The Garden of Earthly Delights was in the Spanish royal collection by at least the late 16th century (possibly earlier, having entered the collection through Philip’s acquisitions from the Nassau palace in Brussels). It passed through the Escorial Palace to the Prado Museum when the royal collections were nationalised in the early 19th century. The specific journey from Bosch’s workshop in ’s-Hertogenbosch to the Prado in Madrid — via the Nassau palace in Brussels, the Spanish royal collection, and the Escorial — is the Habsburg dynasty’s art collecting programme made visible in a single object’s history.

National Geographic’s coverage of the Garden of Earthly Delights provides an accessible introduction to the painting’s history and iconography. Dezeen’s art coverage has featured the Bosch 2016 quincentennial exhibitions in Prado and Jheronimus Bosch Art Center in ’s-Hertogenbosch.

500 Years of Failed Interpretation

The Garden of Earthly Delights has generated more interpretive scholarship than almost any other single painting in Western art history, and less scholarly consensus. The major interpretive positions over 500 years:

Moral allegory (16th–17th century, dominant): The triptych depicts the Fall’s consequences: Eden (left) = Paradise before the Fall; Garden of Earthly Delights (centre) = the sinful pleasures of fallen humanity; Hell (right) = the punishment awaiting sinners. This tripartite moral allegory was the standard interpretation for several centuries and corresponds to the triptych format’s conventional use in altarpiece painting (which typically follows a left-centre-right Paradise-present-Hell or prophecy-event-consequence programme).

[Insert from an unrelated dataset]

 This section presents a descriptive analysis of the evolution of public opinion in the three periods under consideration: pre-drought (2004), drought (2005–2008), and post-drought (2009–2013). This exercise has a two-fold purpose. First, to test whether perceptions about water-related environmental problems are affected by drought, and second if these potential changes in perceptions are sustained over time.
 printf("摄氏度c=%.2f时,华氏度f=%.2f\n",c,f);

Heretical utopia (Wilhelm Fränger, 1947): The German art historian Wilhelm Fränger proposed in his book The Millennium of Hieronymus Bosch that the central panel depicts not sinful pleasure but an Adamite utopia — a pre-Fall paradise of innocent nudity and pleasure imagined by the heretical Adamite sect, who believed that the truly spiritual could return to Adam and Eve’s pre-Fall state of innocent nakedness. Fränger’s interpretation was controversial and is now largely rejected by mainstream Bosch scholarship, but it established the central panel’s positive-utopia interpretation as a scholarly possibility.

Dream imagery (various, 20th century): Several scholars have proposed that the central panel specifically depicts a dream or visionary state — a surrealist avant-la-lettre depiction of the unconscious. The Surrealist movement (Dalí, Ernst, Miró) identified Bosch as an ancestor and the central panel as a proto-surrealist image of the unconscious. This interpretation is impressionistic rather than strictly art-historical.

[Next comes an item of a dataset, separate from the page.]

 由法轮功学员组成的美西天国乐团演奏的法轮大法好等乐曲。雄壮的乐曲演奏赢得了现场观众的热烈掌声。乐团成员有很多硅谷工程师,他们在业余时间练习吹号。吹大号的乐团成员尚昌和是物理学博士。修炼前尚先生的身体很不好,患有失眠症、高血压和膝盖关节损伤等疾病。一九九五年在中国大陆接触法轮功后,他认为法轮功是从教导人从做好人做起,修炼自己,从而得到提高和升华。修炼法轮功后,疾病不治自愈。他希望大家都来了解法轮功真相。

Encyclopaedic natural world (20th–21st century, dominant): The current mainstream scholarly interpretation holds that the triptych is a visually encyclopaedic depiction of the entire spectrum of human experience and the natural world — from Paradise through the pleasures and transience of earthly life to the consequences of sinful living. The triptych is not a simple moral allegory but a complex visual programme that encompasses natural philosophy, theology, moral commentary, and visual pleasure simultaneously. No single interpretive key unlocks it fully. The incomprehensibility is partially the point: the painting’s inexhaustibility is its most specific formal quality.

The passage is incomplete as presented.